Multiple endocrine glands insufficiency due to langerhans cell histiocytosis (LCH): a case report
© Mai et al; licensee BioMed Central Ltd. 2015
Published: 28 April 2015
LCH is the rare disease involving clonal proliferation of Langerhans cells, abnormal cells deriving from bone marrow and capable of migrating from skin to lymph nodes. The clinical presentation of LCH may occur in multiple organs: bone, skin, lymph nodes or pituitary gland, but clinical presentation of LCH rarely occurs in multiple endocrine systems.
We presented a special case who was diagnosed with LCH and presentation of LCH occurred in multiple systems: pituitary gland, thyroid, adrenal gland.

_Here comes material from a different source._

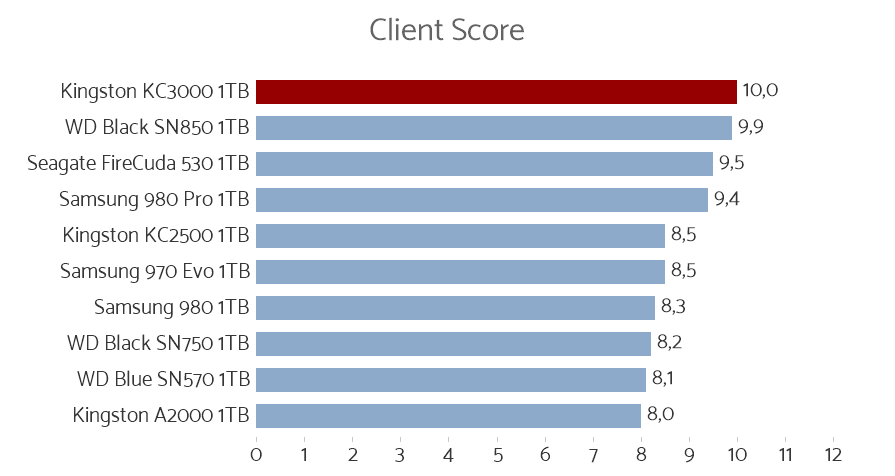 Om vi då sammanställer alla prestandaresultat och tittar på hur KC3000 står sig mot den stenhårda konkurrensen, ser det onekligen väldigt bra ut. KC3000 levererar liknande resultat som Seagate 530 2 TB gör i NHSB-Game och i Office är det bara Intels Optane som är snabbare. KC3000 slår kort sagt alla på fingrarna. Det inkluderar WD SN850, Samsung 980 Pro och Seagate Firecuda 530. I Workstation är det lite trögare och i NHSB Virtualization tappar KC3000 en del jämfört med många äldre enheter. De äldre KC2000 och KC2500 är faktiskt något snabbare i just det testet. KC3000 hämtar dock upp det i SQL Server-testet, där det bara är WD Black som är snabbare.

A 11 years old girl was hospitalized for lump on the neck. Past history: one year ago, she was diagnosed with autoimmune polyendocrine syndromes and treated with hormone replacement (levothyroxine 3mcg/kg/day, desmopressin 4 mcg/kg/day, hydrocortisone 10 mcg/kg/day). Physical examination showed: she had a swollen lump on her neck, she had a temperature of 38° C. She had no polyuria, no polydipsia. Her height was 141cm (-0.29 SD); her weight was 37 kg; her BMI was 18.5 (50th – 70th) .She had normal growth velocity and normal pubertal development. Laboratory evaluation revealed : WBC : 10.3 × 109 /l ( normal range : 4×10 9 /l – 10 ×109 / l) ; CRP : 105.78 mg/l ( normal range : < 10 mg/l ); serum cortisol at 8 a.m : 16.3 nmol/l ( normal range : 200 – 600 nmol/l ); T3 : 1.8 nmol/l ( normal range : 1 – 3 nmol/l ), T4 : 135.9 nmol/l ( normal range : 50 – 150 nmol/l ), TSH : 0.002 mUI/ml ( normal range : 1 – 5 mUI/ml ); blood osmotic pressure : 279 moms/kg, urinary osmotic pressure : 127 mosm/kg; plasma glucose level and electrolyte were normal. An MRI of brain showed: thickened pituitary stalk. A biopsy of the lump on her neck showed: features of Langerhans Cell; skeletal and long bone radiograph showed no osteolytic lesion.
She was treated with hormone replacement and chemotherapy.